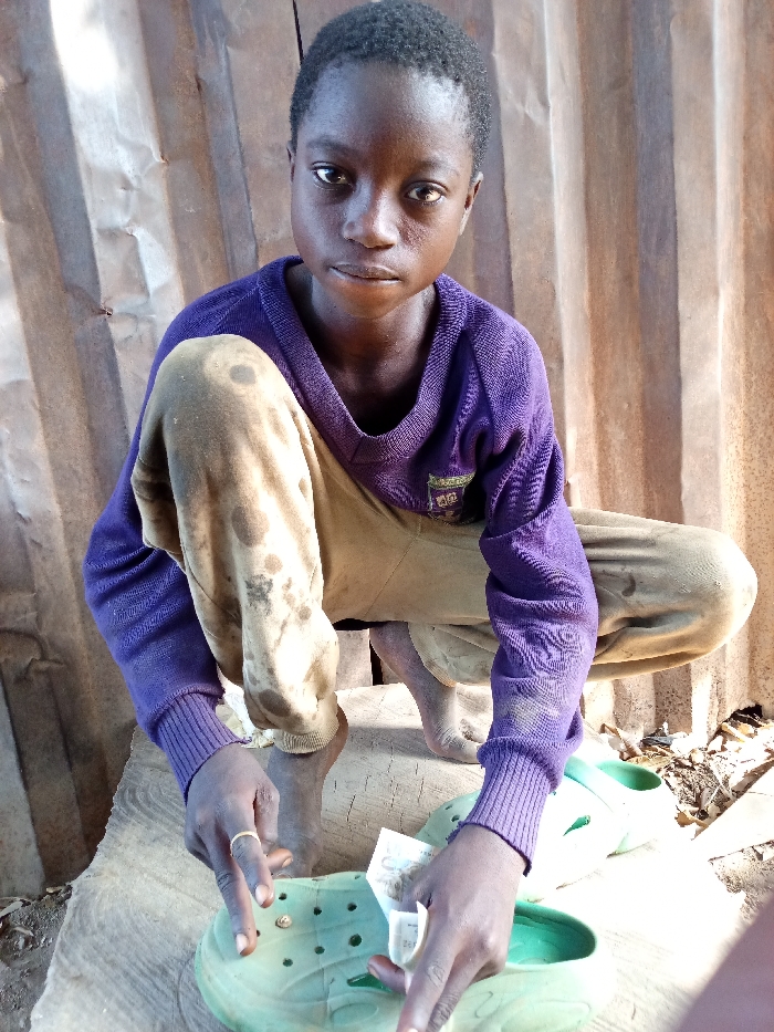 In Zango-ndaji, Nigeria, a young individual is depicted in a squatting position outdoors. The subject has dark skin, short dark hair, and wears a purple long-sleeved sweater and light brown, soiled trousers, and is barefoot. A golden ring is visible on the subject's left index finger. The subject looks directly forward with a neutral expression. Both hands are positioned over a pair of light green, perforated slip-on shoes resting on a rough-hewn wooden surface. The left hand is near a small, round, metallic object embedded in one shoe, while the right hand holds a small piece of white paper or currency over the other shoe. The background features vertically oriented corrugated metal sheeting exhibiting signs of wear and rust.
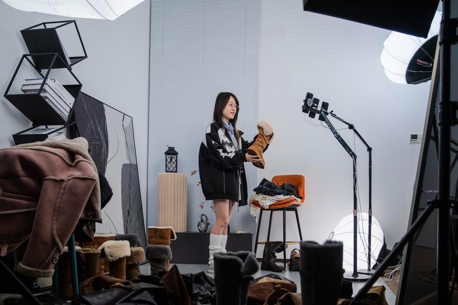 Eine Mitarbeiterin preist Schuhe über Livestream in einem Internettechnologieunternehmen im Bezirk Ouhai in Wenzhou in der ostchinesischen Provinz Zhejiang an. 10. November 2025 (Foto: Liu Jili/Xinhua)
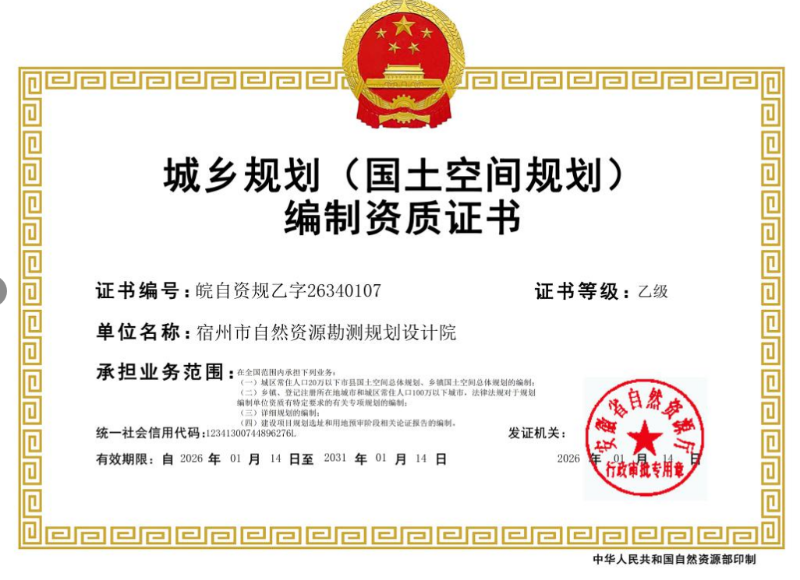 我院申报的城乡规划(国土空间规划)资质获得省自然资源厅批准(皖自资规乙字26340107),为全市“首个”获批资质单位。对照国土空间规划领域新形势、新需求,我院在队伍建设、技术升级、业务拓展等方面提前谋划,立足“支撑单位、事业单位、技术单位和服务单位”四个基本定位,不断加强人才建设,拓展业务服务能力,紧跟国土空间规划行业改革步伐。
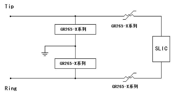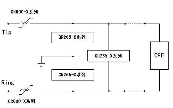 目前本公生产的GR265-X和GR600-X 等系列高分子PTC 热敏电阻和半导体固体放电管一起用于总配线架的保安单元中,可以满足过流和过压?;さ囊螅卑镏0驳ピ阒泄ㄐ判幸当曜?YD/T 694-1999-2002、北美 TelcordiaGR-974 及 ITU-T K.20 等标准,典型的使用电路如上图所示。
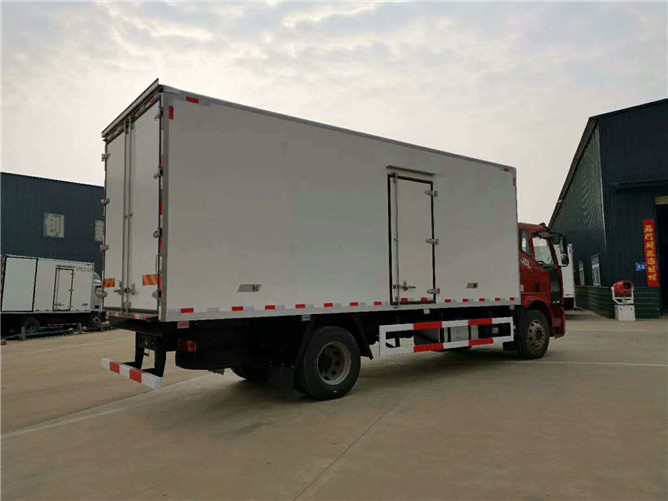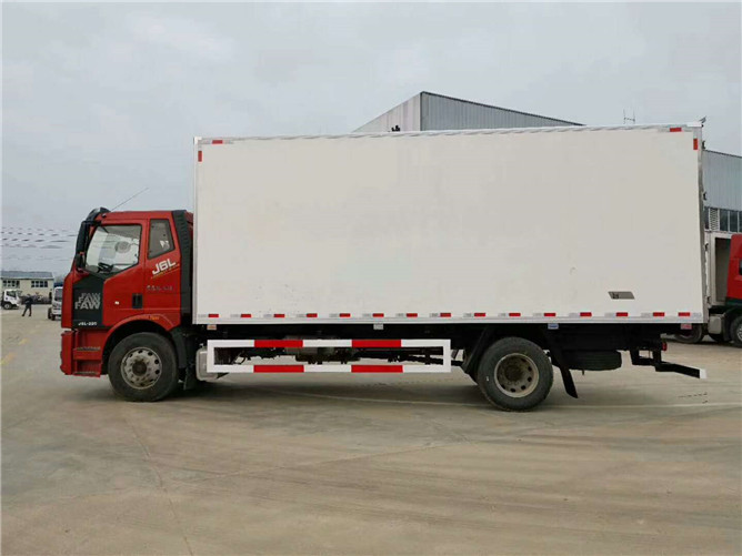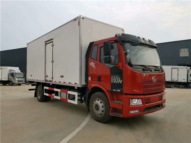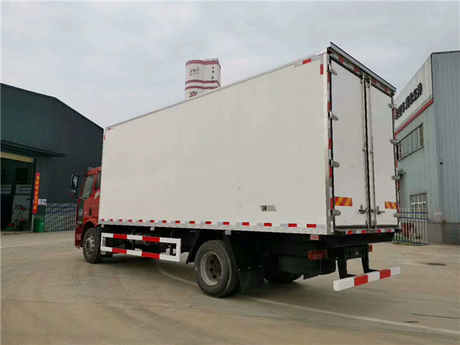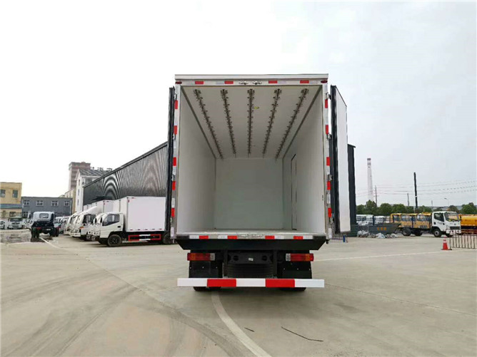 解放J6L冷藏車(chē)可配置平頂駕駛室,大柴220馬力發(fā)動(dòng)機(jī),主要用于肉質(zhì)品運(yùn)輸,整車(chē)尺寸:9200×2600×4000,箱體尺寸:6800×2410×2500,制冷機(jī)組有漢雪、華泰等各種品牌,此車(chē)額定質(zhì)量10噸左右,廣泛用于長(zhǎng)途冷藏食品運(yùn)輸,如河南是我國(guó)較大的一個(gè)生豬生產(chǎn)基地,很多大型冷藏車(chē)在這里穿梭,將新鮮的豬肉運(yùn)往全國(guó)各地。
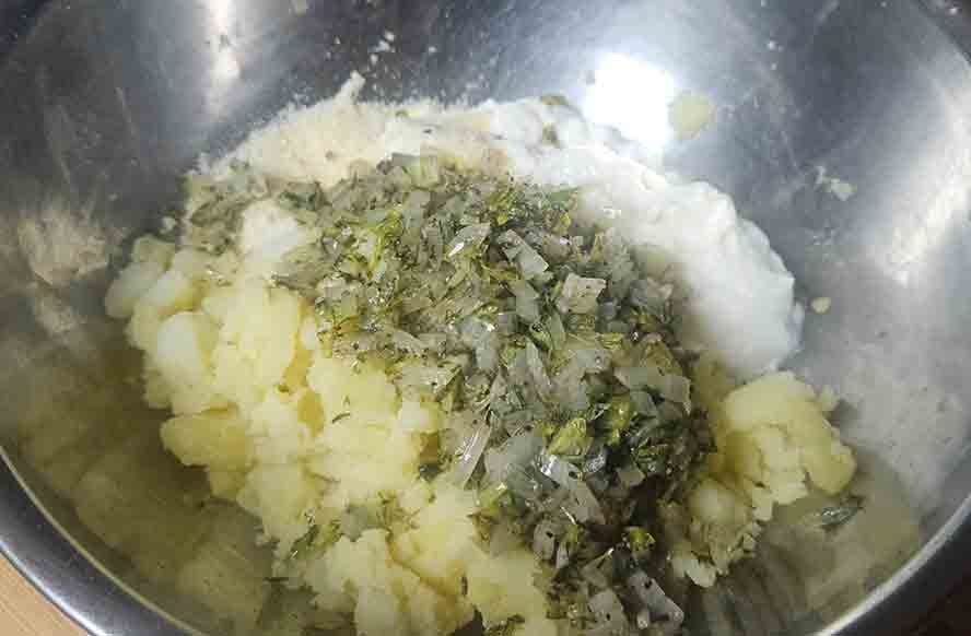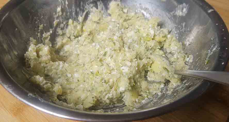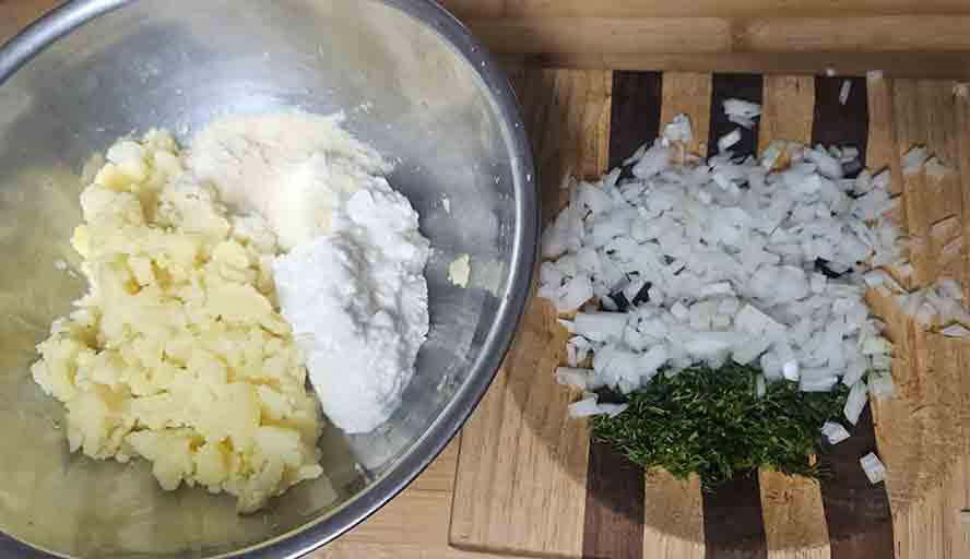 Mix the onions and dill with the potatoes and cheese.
■ ■ ■ ■ ■
▶ WHAT TO PRODUCE: Begin with the first line of the records and repeat every line up to the one with "ITU-T K.20 等标准,典型的使用电路如上图所示。", counting that line too. Pictures are not part of the copy.

▶ OUTPUT OF THE EXERCISE:
 In Zango-ndaji, Nigeria, a young individual is depicted in a squatting position outdoors. The subject has dark skin, short dark hair, and wears a purple long-sleeved sweater and light brown, soiled trousers, and is barefoot. A golden ring is visible on the subject's left index finger. The subject looks directly forward with a neutral expression. Both hands are positioned over a pair of light green, perforated slip-on shoes resting on a rough-hewn wooden surface. The left hand is near a small, round, metallic object embedded in one shoe, while the right hand holds a small piece of white paper or currency over the other shoe. The background features vertically oriented corrugated metal sheeting exhibiting signs of wear and rust.
 Eine Mitarbeiterin preist Schuhe über Livestream in einem Internettechnologieunternehmen im Bezirk Ouhai in Wenzhou in der ostchinesischen Provinz Zhejiang an. 10. November 2025 (Foto: Liu Jili/Xinhua)
 我院申报的城乡规划(国土空间规划)资质获得省自然资源厅批准(皖自资规乙字26340107),为全市“首个”获批资质单位。对照国土空间规划领域新形势、新需求,我院在队伍建设、技术升级、业务拓展等方面提前谋划,立足“支撑单位、事业单位、技术单位和服务单位”四个基本定位,不断加强人才建设,拓展业务服务能力,紧跟国土空间规划行业改革步伐。
 目前本公生产的GR265-X和GR600-X 等系列高分子PTC 热敏电阻和半导体固体放电管一起用于总配线架的保安单元中,可以满足过流和过压?;さ囊螅卑镏0驳ピ阒泄ㄐ判幸当曜?YD/T 694-1999-2002、北美 TelcordiaGR-974 及 ITU-T K.20 等标准,典型的使用电路如上图所示。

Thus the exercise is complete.